Philip Cox’s recent article on harm in therapy got me thinking about the value of the supervision I seek, and my relationship with my supervisor. I like the notion that the word supervision literally means “over-view” and I can picture my supervisor in a little helicopter, observing the wider picture as I manage the finer details on the ground.
So what is the purpose of supervision? For me, the supervisory relationship serves several functions.
Firstly, I have a trusted and confidential space to discuss my work with clients, which feels like an essential counterbalance to the isolating nature of the work which is so often talked about in the profession. It is in itself a form of self-care.
Secondly, I find the strength of the relationship provides a solid platform on which I know I can stand when I need to.
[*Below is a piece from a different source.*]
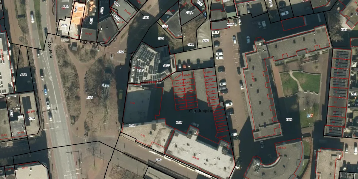 Goudmijnhof 2-GAR8 is gelegen op kadastraal perceel OSS00E6608. Deze kadastrale aanduiding is uniek en wordt gebruikt door het Kadaster om eigendomsrechten en andere zakelijke rechten vast te leggen. Het perceel maakt onderdeel uit van de kadastrale gemeente Oss.

I feel confident it will not break beneath me. This security gives me the courage to co-create new platforms with my clients, on which they too can stand and experience safety within the relationship. Being part of this solid base for my clients feels possible because I am anchored by my own firm footing in supervision.
Thirdly, the trust I have in my supervisor helps me in a number of ways. Through talking about client work and other areas of my process openly, I have allowed myself to become vulnerable, and at no point have I ever felt judged. This mirrors beautifully the function of the therapeutic relationship and allows me to bring whatever I need to discuss to supervision, even times when I feel I have made mistakes in my work. The transparency allows us to shine a light on areas of my work that we might otherwise miss, and to raise anything to my awareness which might impact on the work. I value my supervisor’s willingness to challenge me, and to be challenged; I find the parts of the work where we each hold different perspectives the most illuminating of all – there is always so much to learn and to take forward into my practice. Parallel process fits nicely into this area of working within the relationship; it is a fascinating phenomenon and, I find, rich with data about myself and my relationships with clients.
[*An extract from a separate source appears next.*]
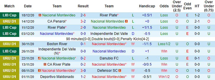 Trong khi đó bên phía đối diện, Nacional vì phải căng sức đá Copa Libertadores nên đã không thể giữ được sự ổn định. 7 trận vừa qua tính trên mọi đấu trường, Nacional mất điểm tới 6 lần (thua 4, hòa 2) và thua 6 lần theo kèo châu Á. 3 trận gần nhất Nacional để thủng lưới tới 11 lần.
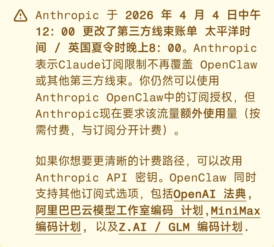 就在刚刚,Anthropic官方宣布:从太平洋时间4月4日中午12点,即北京时间4月5日凌晨3点开始,Claude Pro/Max订阅计划的额度将不再覆盖Openclaw等第三方工具的使用。

Do I disclose all my thoughts and feelings about the work to my supervisor? Well, I try to, but there will always be things outside of my awareness which don’t become immediately apparent. As my supervisor gets to know me better, he becomes even better placed to spot my shadow material as it emerges and bring to my attention anything I might not have seen. I try to make a point of accepting the observations he makes curiously and non-defensively, even if I do not recognise what he is saying. I find this work exciting and engaging.
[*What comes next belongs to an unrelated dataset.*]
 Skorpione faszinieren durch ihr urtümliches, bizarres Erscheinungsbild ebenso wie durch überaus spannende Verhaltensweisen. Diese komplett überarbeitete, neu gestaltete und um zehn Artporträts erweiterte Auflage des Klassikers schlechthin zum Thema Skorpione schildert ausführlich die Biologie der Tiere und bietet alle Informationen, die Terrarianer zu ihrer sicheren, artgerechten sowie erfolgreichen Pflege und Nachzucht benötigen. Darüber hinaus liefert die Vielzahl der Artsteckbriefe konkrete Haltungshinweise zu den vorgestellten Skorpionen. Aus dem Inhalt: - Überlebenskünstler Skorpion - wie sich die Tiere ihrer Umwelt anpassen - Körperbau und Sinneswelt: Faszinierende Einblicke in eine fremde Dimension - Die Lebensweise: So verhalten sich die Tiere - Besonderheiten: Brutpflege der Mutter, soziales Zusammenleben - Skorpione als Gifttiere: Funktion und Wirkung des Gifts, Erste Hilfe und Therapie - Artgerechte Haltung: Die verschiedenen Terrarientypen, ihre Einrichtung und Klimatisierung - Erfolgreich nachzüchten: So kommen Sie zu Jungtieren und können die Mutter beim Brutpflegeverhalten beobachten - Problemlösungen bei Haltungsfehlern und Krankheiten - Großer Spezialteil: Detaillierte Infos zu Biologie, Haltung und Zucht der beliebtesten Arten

A good supervisory relationship doesn’t make harm occurring in client work an impossibility. It would be arrogant and naive for any therapist to assume they do not have the potential to do harm for any reason. But I do think that supervision is an important safeguard against harm. When we have a trusted relationship, a space to explore every aspect of ourselves and our actions towards clients, we have a safety net – the opportunity to catch areas of the work which could become problematic before any harm occurs.
I think this is as true for very experienced practitioners as it is for those at the beginning of their career. Certainly the nature of supervision for a practitioner with forty years experience is likely to differ from that of a student or newly qualified therapist, but all therapists require support, and of course, we are all vulnerable to the emergence of shadow material – supervision is an important part of managing this throughout our career.